The latest public relations stunt to shore up support for the ongoing war in Afghanistan is the “new” discovery of minerals and riches in the supposedly vast wasteland previously thought to define Afghanistan.  This PR stunt aims to convince Americans that the newest quagmire is somehow justified by the potential economic benefits. The aim of the PR ‘Scam’ is always to couch the exercise in what Americans can understand best as the altruistic belief that America only aims to bring democracy and economic freedom to the countries she invades, then perhaps take a commission for her work back to the homeland.  Because, after all, this latest treasure trove discovery will “boost the Afghan economy.”  

The truth is a full 180 degrees from this public relations campaign.  America will never allow Afghanistan to benefit from her riches, having already co-opted the opium trade, in the same way that money from oil has not trickled down to the invaded Iraqis.  One can be sure that when, “The Pentagon task force has already started trying to help the Afghans set up a system to deal with mineral development,” a full-scale flotilla of pirate ships is on the way.
When we review the blueprint to The Grand Chessboard that we have been given by Zbigniew Brzezinski, we see that a key component to the endgame is controlling access to resources.  The resources at stake are truly vast: 
“In that context, how America ‘manages’ Eurasia is critical.  About 75 percent of the world’s people live in Eurasia, and most of the world’s physical wealth is there as well, both in its enterprises and underneath its soil. Eurasia accounts for about 60 percent of the world’s GNP and about three fourths of the world’s known energy resources (page 30).” 
This grand chess match between powerful nations vying for the rights to exploit much-needed resources requires from America, according to Brzezinski, the “exercise of decisive influence but, unlike the empires of the past, not of direct control.  This condition places a premium on geostrategic skill, on the careful, selective, and very deliberate deployment of America’s resources  on the huge Eurasian chessboard (page 34).”
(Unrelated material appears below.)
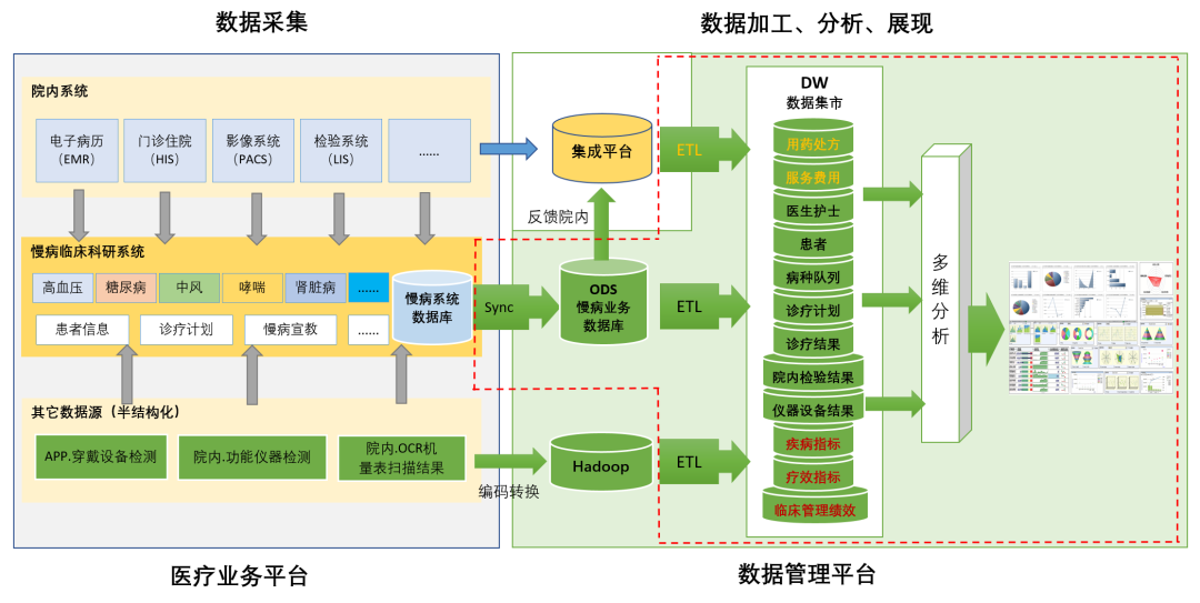 所需的病人就诊信息、慢病临床、科研、中医特色疗法服务、院内外功能仪器设备的检验检查等数据分散存在于不同厂家开发的院内外多个子系统中,虽然有长期的收集,但仍需做进一步汇聚和清理。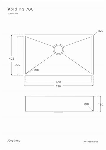 Secher Kolding 700 køkkenvask 700 x 400 mm til underlimning. Rustfrit stål

Enter China:  Brzezinski in his Foreign Affairs (Council on Foreign Relations) 1997 paper titled, “A Geostrategy for Eurasia,”  states that, “the United States will not have a Eurasian strategy unless a Sino-American political consensus in nurtured.”  The importance of this Sino-American cooperation is that each nation properly understands its role.  Brzezinski defines the relationship perfectly as we view Afghanistan today: 

“The bottom line is that America and China need each other in Eurasia . . . China is not likely to continue to attract the enormous foreign investment necessary for regional preeminence.”
In a 2009 New York Times article by Michael Wines, properly subtitled, “Uneasy Engagement: A Global Hunt for Resources,” Wines frames a relationship between China and America as “an odd global pairing.”  This is a red herring, and one that is increasingly being playing out in a good cop/bad cop routine, noted in the article by a former mujahedeen, now contractor in Afghanistan:
“The Chinese are much wiser. When we went to talk to the local people, they wore civilian clothing, and they were very friendly,” he said recently during a long chat in his Kabul apartment. “The Americans — not as good. When they come there, they have their uniforms, their rifles and such, and they are not as friendly.” 
Let us not forget that as world government emerges, the concept of sovereign nations battling for position is part of the game, while the international investment bank cartel controls the true strategy of nations.  China is emerging as the manufacturing arm of the global resource grab.  Although Wines states in his article that, “American troops do not, in a narrow sense, protect the Chinese,” American troops do train local forces to guard the Chinese mining operation, leading to the conclusion that: “American troops have helped make Afghanistan safe for Chinese investment.”  It is a perfect cooperative effort:  America abides by their imperative to exert “indirect control” and China physically controls “long-term access to critical commodities.”  

Sino-American cooperation in Afghanistan is the essence of the military-industrial complex running like a well-oiled machine at the behest of the international banks, not an altruistic effort to help the Afghan or American economy.